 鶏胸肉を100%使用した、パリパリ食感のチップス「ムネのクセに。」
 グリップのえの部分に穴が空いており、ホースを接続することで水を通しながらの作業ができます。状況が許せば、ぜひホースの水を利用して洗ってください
--
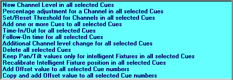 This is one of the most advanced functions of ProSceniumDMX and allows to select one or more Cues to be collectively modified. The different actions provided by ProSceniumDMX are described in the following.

What this task involves: For the material above, reproduce exactly the lines from the line with "鶏胸肉を100%使用した、パリパリ食感のチップス「ムネのクセに。」" to the line with "グリップのえの部分に穴が空い", inclusive, and exclude all others.

Result for this task:
 鶏胸肉を100%使用した、パリパリ食感のチップス「ムネのクセに。」
 グリップのえの部分に穴が空いており、ホースを接続することで水を通しながらの作業ができます。状況が許せば、ぜひホースの水を利用して洗ってください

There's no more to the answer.